The current food truck phenomenon as we understand it is generally thought to have started in 2008 with Kogi BBQ truck in LA. [1] I should preface what is meant by the "food truck phenomenon" as actual food trucks have been around for over a century [2]. The current food truck popularization has the following hallmarks:

  • Fusion of cooking styles and genres. Taking 'gourmet' restaurant ingredients like duck and fusing them with your traditional tortilla to give you a duck taco for example.
  • Social media: the likes of Twitter did play a role, if overblown at times, in driving these new age food trucks into the popular culture. [3]

Food trucks experienced a boom just as the economy started to tank. Restaurateurs who were hesitant to drop serious cash on launching a restaurant turned to mobile trucks as a less expensive way to sell food in a down economy. Social media has played a large role in not only making the trucks more accessible, but allowing them to cultivate the crucial element of community.

"It's the social aspect," says Kenny Lao, Rickshaw's co-founder. "It's really about shared experiences around food. I think what we're doing with Twitter is an electronic version of that share." He sees his restaurants as an older, established sibling living uptown, while his truck is like the younger brother fresh out of college and living in Williamsburg, Brooklyn -- different energies toward the same purpose.

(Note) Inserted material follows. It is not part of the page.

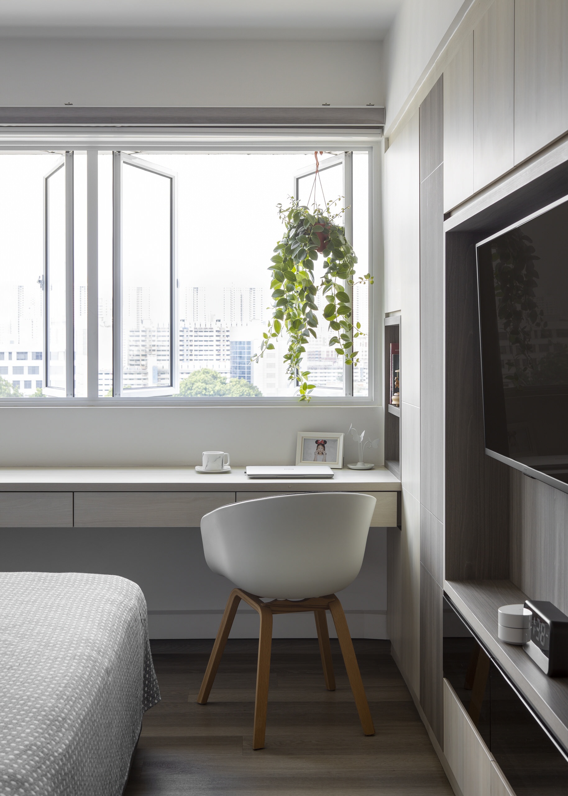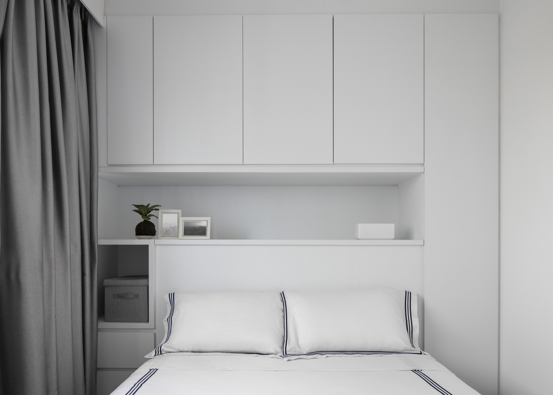 The common room was designed as a guest bedroom, with a custom-built cabinet integrated with the bed. Chua designed it in a restful white and grey colour scheme.
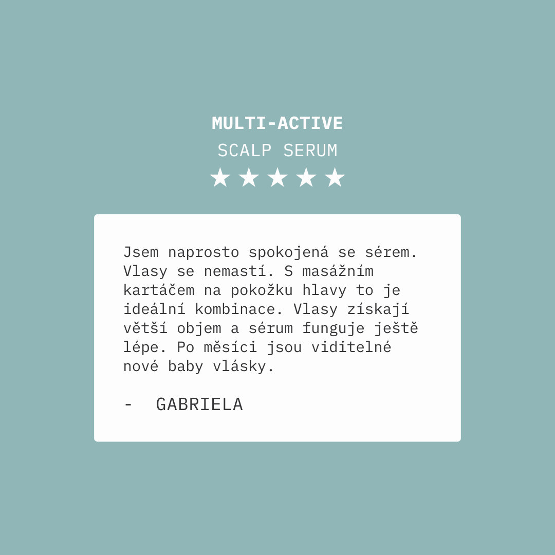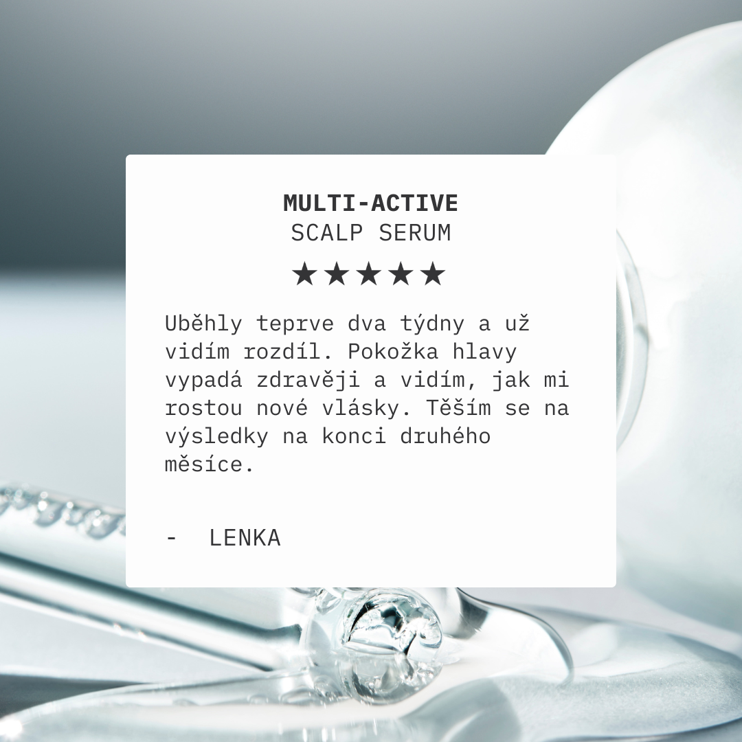 Naše Multi-aktivní sérum na pokožku hlavy pomáhá obnovit rovnováhu, restartovat kořínky a navrátit ti kontrolu nad zdravým svých vlasů.

  • Combine the above two factors and you have hipsters paying 3X the price of a regular Mexican taco and feeling quite authentic and special about it.

Ok, that last bullet was my own commentary versus a factual observation. However, it is undeniable that what ever the demerits of the 'cool' factor may be, it has definitely thrust the gourmet taco truck concept into the mainstream and has opened people's eyes on the possibility of eating great tasting food out of a truck and experiencing food that they would normally not have in the regular restaurants that they frequent.

As for my own preferences, I will take a traditional lengua or buche taco for a $1.50 per taco out of my favorite Mexican taco truck any day of the week. I have yet to taste something better than that anywhere.



The first ever contraption I'd call a Food Truck was started by a man by the name of Charles ("Wagon Chuck") Goodknight. Of course then those things were called Chuckwagons and all the rage with cattle drivers. Chuckwagoneers would soon become more than just feeders of cowboys, the man on that wagon (we know only of one female chuckwagoneer, Betty "Six Fingers" Mills) was psychologist, logistics officer, purser, cook, and second in command.

Only a few years later, and this is where the Food Truck comes in, New York city saw a surge of so-called "Owls," food wagons that sold hot dishes to workers after the restaurants closed. That was 1890. By 1930, these wagons had almost completely been displaced by motorized versions, Chicago and New York were the front-runners here. With the 1950s came the flood of resold Army food trucks, which had been used in Theater Europe and Asia and become useless after the war. One of the first to operate such a thing was Giovani Ducci in New York who purchased it from the Army for $300 and began selling pasta and sandwiches to union laborers at the Port Authority in New York City.

Taco Trucks became popular in the 1970s in most any city. Unions in New York and Chicago started their own food businesses to feed labor (often under not-so-savory circumstances), and the first application for a mobile food business in LA came in 1973.

LA actually had a dying food truck landscape due to enhanced enforcement of non-registered food businesses in the 1980s, and only the dot.com boom brought a floundering industry back on its feet.

Oh, I should mention, the first motorized food business was run by Hank Spittle (with that name you don't want a food business) in San Antonio, Texas, in 1912. He re-purposed (it gets even less appetizing) a 1911 Garford Truck, which had been briefly used as a hearse by a local undertaker but abandoned due to its noise and propensity to break down on the way to the cemetery. In early 1913, the truck burned down, and Spittle went back to selling sandwiches from the back of his old horse drawn wagon.